Images: Images included in user messages, either as links or as base64-encoded data, as well as multiple images can be sent. Ensure the detail parameter is set identically, as it impacts image tokenization.
Tool use: Both the messages array and the list of available tools can be cached, contributing to the minimum 1024 token requirement.
Structured outputs: The structured output schema serves as a prefix to the system message and can be cached.
Prompt caching requests & responses based on OpenAI’s calculations here:
All requests, including those with fewer than 1024 tokens, will display a cached_tokens field of the usage.prompt_tokens_detailschat completions object indicating how many of the prompt tokens were a cache hit.
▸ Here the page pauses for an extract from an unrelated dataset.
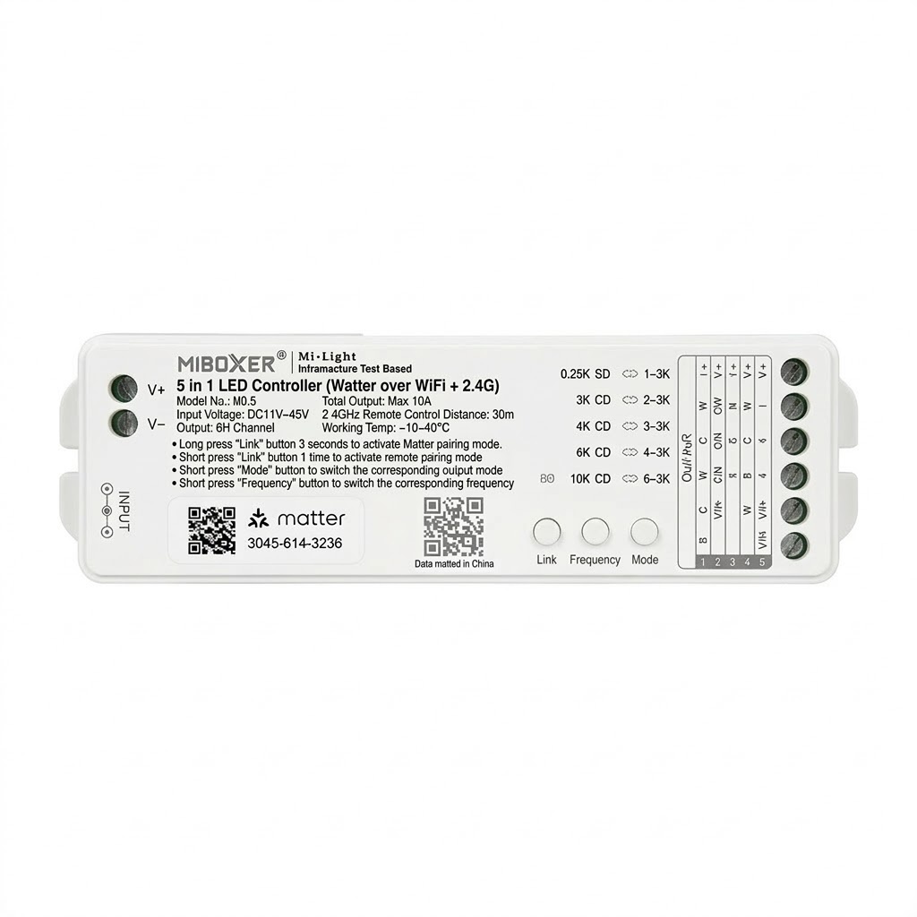 Matter over wifi LED controller 5 in 1 - voor Single Color/Dual White/RGB/RGBW/RGBWW/RGBCCT LED sheets12-24-48v - ML5
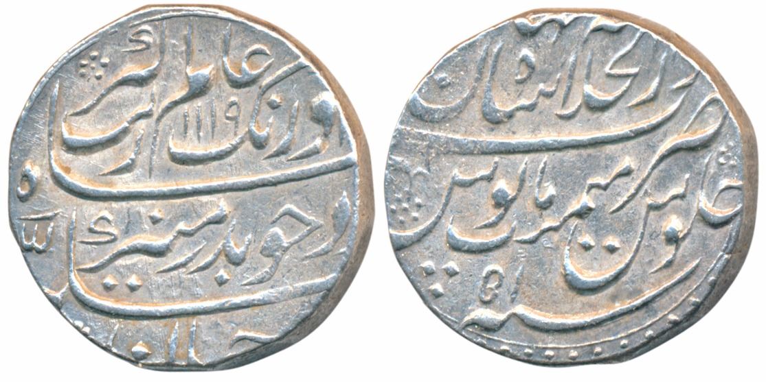 Aurangzeb, Silver Rupee, 11.42g, Dar-ul-Khilafat Shahjahanabad Mint, AH 1119/51, posthumous issue (KM 300.81). About Extremely Fine, Scarce.

For requests under 1024 tokens, cached_tokens will be zero.
Key Features:
Reduced Latency: Especially significant for longer prompts.
Lower Costs: Cached portions of prompts are billed at a discounted rate.
Improved Efficiency: Allows for more context in prompts without increasing costs proportionally.
Zero Data Retention: No data is stored during the caching process, making it eligible for zero data retention policies.